San Diego Medication Safety Task Force Creates Unique Collaboration

Local hospitals throughout San Diego County, along with San Diego Patient Safety Consortium and the Cardinal Health Center for Safety and Clinical Excellence, today announced the results of a first-of-its-kind regional task force to improve patient safety by eliminating variation in intravenous (IV) medication practices among county hospitals.

The task force has created county-wide standards for safe administration of IV medicines by using a common drug identifier and standardizing the concentration and dosage units for each drug. The task force aimed to make San Diego the first metropolitan area in the United States to develop and implement this new approach to significantly reduce the variation in IV therapy, resulting in safer and more consistent practices in administering high-risk IV medications to patients.

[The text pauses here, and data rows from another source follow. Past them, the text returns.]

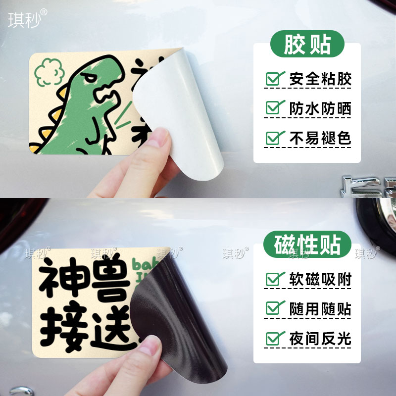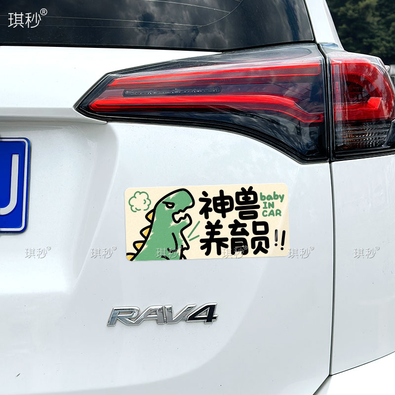 神兽养育员汽车贴纸创意车内有宝宝baby incar磁性反光贴电动车贴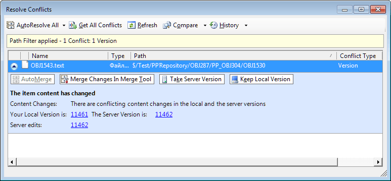 После нажатия кнопки «Check In» на сервере будут обновлены версии файлов, добавлена запись в историю изменений. При публикации могут возникнуть конфликты версий, если один и тот же объект был отредактирован разными пользователями. Данные конфликты решаются стандартными средствами VCS.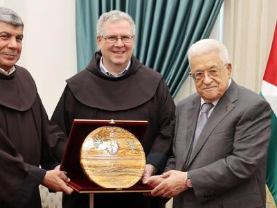 رام الله - خلال استقباله حارس الأراضي المقدسة الأب فرانشيسكو باتون، ونائب حارس الأراضي المقدسة الأب إبراهيم فلتس، تسلم الرئيس الفلسطيني محمود عباس، الأربعاء، دعوة لحضور قداس عشية عيد الميلاد المجيد، ليلة 24 كانون الأوّل المقبل، في كنيسة القديسة كاترينا المحاذية لكنيسة المهد في بيت لحم.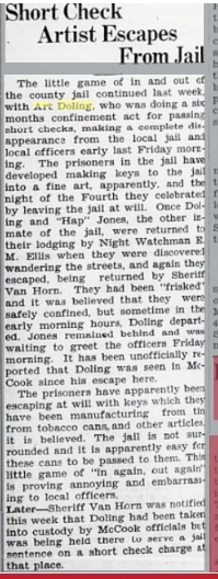 June 1935 "A. C. Doling, formerly of McCook, Neb., is serving a six months jail sentence in the county jail at Wray for writing short checks here. He was arrested in Fort Morgan last Wednesday and was brought here by Sheriff Raymond Van Horn. He was arraigned before Justice J. F. Garton Friday yTid was given the jail sentence and a fine of $25. He was charged with passing three checks for $5 each at both the Rexall Drug Store and the J. C. Penney Company store in Wray."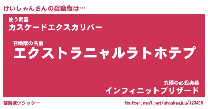 | 伝説のあだ名 | 『伝説のスナイパーけいしゃん』 |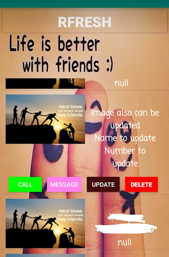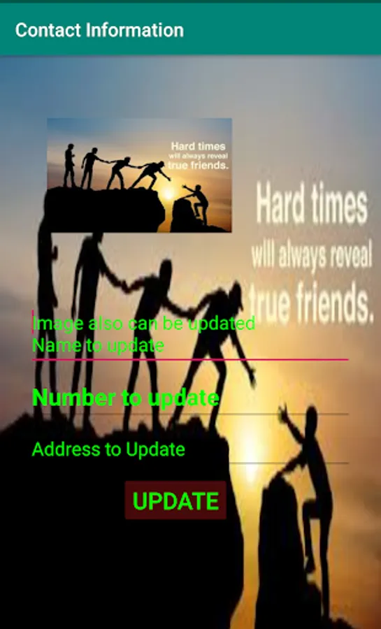 This application has an easy and best graphical user interface. we can load contacts , update and add contacts with number address and contact image.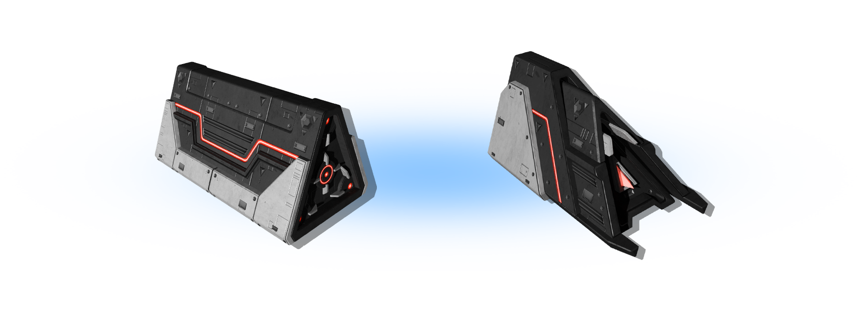 These decorative Atlas-themed modules can be affixed to the corvette exterior, furthering the ship’s devotion to the crimson entity.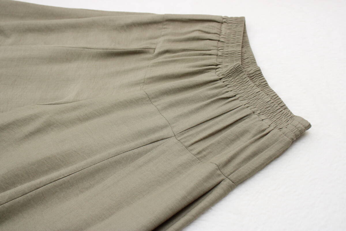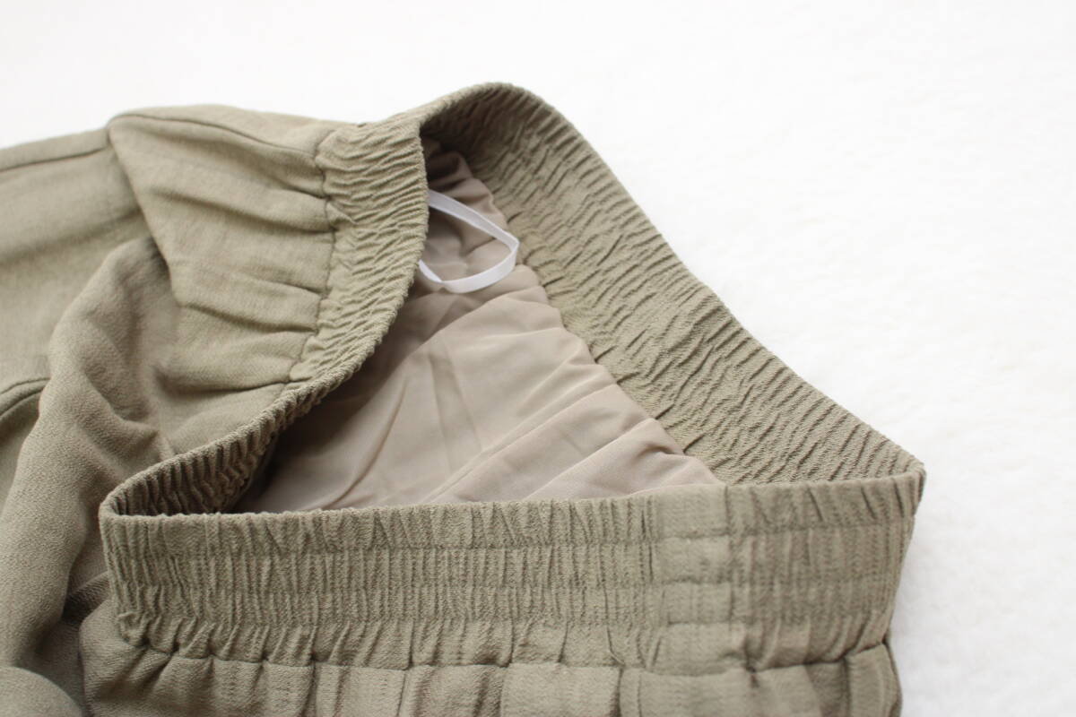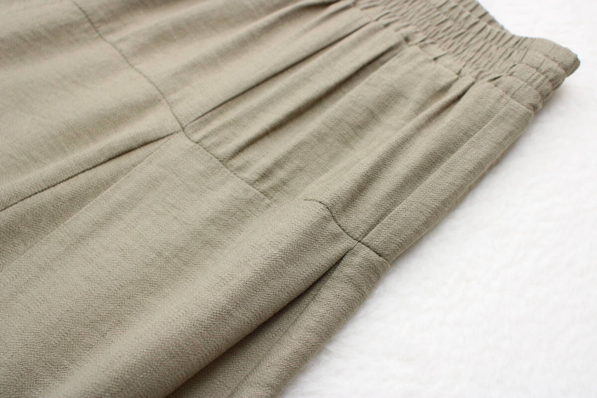2931 新品 ウエストゴム麻調パネルスカンツ オリーブFサイズ 定価¥12,000+税

“The San Diego campaign for Safe Administration of High-Risk IV Medications has brought together virtually every hospital in our region to agree on IV standards that will reduce unnecessary variation among hospitals that can lead to harmful medication errors,” said Nancy Pratt, Senior Vice President of Clinical Effectiveness for Sharp HealthCare and key participant in the Task Force. “We hope our efforts in San Diego can serve as a model for other regions and begin to create a common standard for IV practices in hospitals across the country.”

The 2006 Institute of Medicine (IOM) report, “Preventing Medication Errors,” found that medication errors cause harm to more than 1.5 million people annually and cost hospitals more than $3.5 billion each year. The task force chose to concentrate on IV practices because 61 percent of the most serious and life-threatening potential adverse drug events are related to IV medications[1], and the IV route of administration often results in the most serious outcomes of medication errors.[2] The report urged hospitals to take action to reduce the potential for errors, which reinforced the efforts being made by the medication safety task force in San Diego that began more than a year ago.

The IOM report further points out that the most common cause of IV medication errors is the incorrect programming of infusion devices.A key problem related to drug administration is incorrect dosing due to confusion among medications and the complexity of the medication use process. The San Diego initiative focused on standardizing high-risk IV drug concentrations and dosage units within and across San Diego hospitals to reduce complexity and improve compliance with best practices. These standards improve medication safety for patients and clinicians by ensuring the safest medication process is in place regardless of the caregiver or health-care facility.

When infusion practices differ from one patient care area or hospital to another, the use of agency nurses, new graduates, traveling nurses and nurses who change hospitals or care areas can further increase the likelihood of errors. For example, if one hospital or patient care area uses an infusion rate of milligrams per minute and another uses milligrams per hour, choosing the wrong dosage unit could result in a 60-fold overdose.

San Diego County is the first region in the nation to standardize practices for safe administration of IV medications. When the task force began their work, the 15 hospitals in the San Diego task force used a combined total of more than 85 different concentrations and 57 different dosage units for 34 IV medications. Today those totals have been reduced to 34 standard, single-strength concentrations and 34 standard dosage units, effectively eliminating 100 percent of unnecessary variability in administering continuous IV infusions. Having met their goal of standardizing IV concentrations and dosage units, the task force is now working to standardize dosage ranges and drug libraries involved in the use of computerized ‘smart’ pumps.

“While clinical practice will always involve some degree of variability, it is important to identify and reduce both unnecessary variability that increases opportunities for errors and costs, and undesirable variability that reflects deviations from clinical guidelines and best practices,” said Tim Vanderveen, Vice President of Cardinal Health’s Center for Safety and Clinical Excellence. “The challenge is to identify the variability, implement changes to reduce it, monitor the impact of those changes and use clinical data to continually improve patient safety and care.”

The IV Safety Task Force also created a ?toolkit? that contains the final list of standard concentrations and dosage units, and is intended to help other regions implement similar measures to standardize IV medication practices. The toolkit also includes practical advice on forming a regional task force, identifying variations in practice across different hospitals, developing standards and overcoming barriers that may arise during the process. In addition to patient safety benefits, the implementation of consistent IV practices is expected to help hospitals comply with measures set by the Joint Commission of Accreditation of Healthcare Organizations (JCAHO), which has identified standardization of IV concentrations as one of its National Patient Safety Goals.

Local hospitals involved in this initiative include Alvarado Hospital Medical Center, Palomar Pomerado Health, Scripps Health, Sharp HealthCare, Tri-City Medical Center, University of California San Diego Medical Center and VA San Diego Medical Center.